A key area of focus is pricing resilience: the ability to adjust prices quickly, efficiently and strategically to account for cost changes and market shifts. Companies without dedicated pricing expertise often lack the systems, processes and tools to move with the speed and precision required. CFOs must prioritize:

  • Developing clear pricing governance. Establishing a centralized decision-making process for pricing, rather than delegating it to individual sales teams or product managers.
  • Understanding customer value. Not all customers respond to pricing changes in the same way. CFOs must help the organization differentiate pricing strategies by segment and ensure that prices reflect customers’ perceived value.

Leading pricing strategy

CFOs may hesitate to step into the pricing role due to a perceived lack of expertise. However, the skills that make a CFO effective — financial acumen, analytical rigor and a focus on long-term value creation — are exactly what businesses need to address pricing challenges in uncertain times.

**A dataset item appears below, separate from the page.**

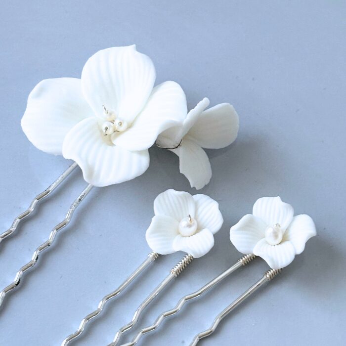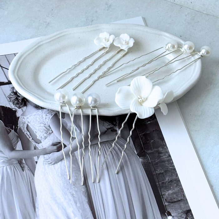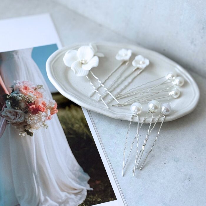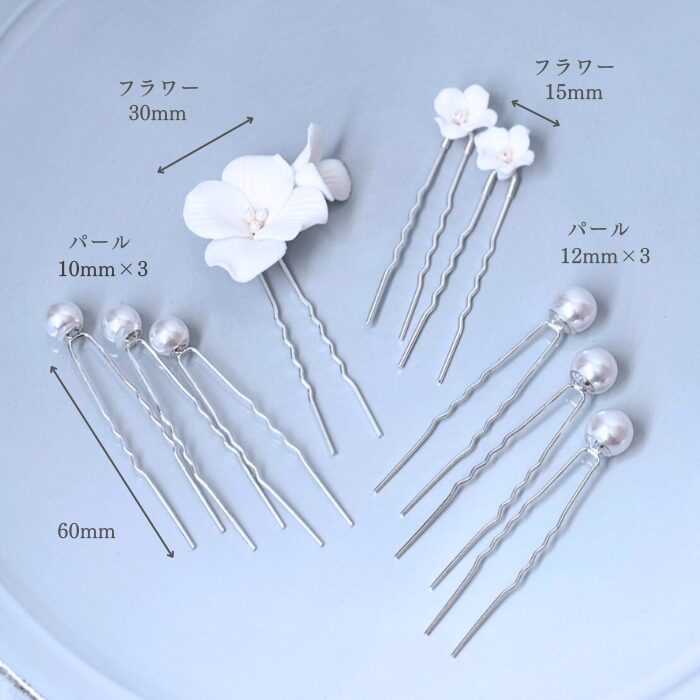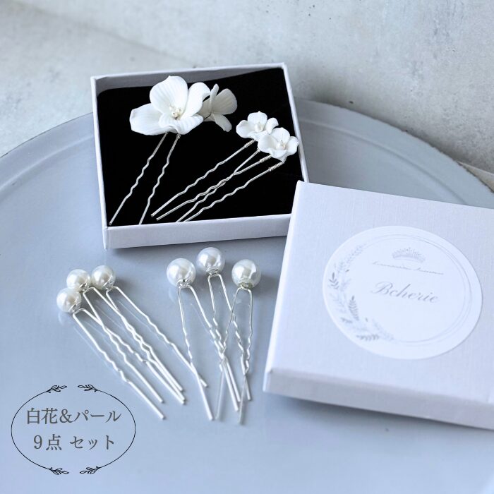 白いお花のピンとパールピンがセットになった9点セットの髪飾り。

If the organization lacks a pricing team, the CFO can lead by assembling a cross-functional group, including finance, sales and operations, to align pricing priorities. This group can be the foundation for a more sophisticated pricing capability focused on data-driven decision-making and financial discipline. In the short term, the CFO’s leadership on pricing can protect margins and stabilize profitability. Over the long term, it positions the company to build a culture where pricing is treated as a strategic asset rather than a reactive tool.

This is not a temporary challenge. With ongoing global tensions and supply chain restructuring, experts predict market disruption will remain constant for the next 10-20 years. Companies that fail to adapt their pricing capabilities to this new reality risk falling behind more agile competitors.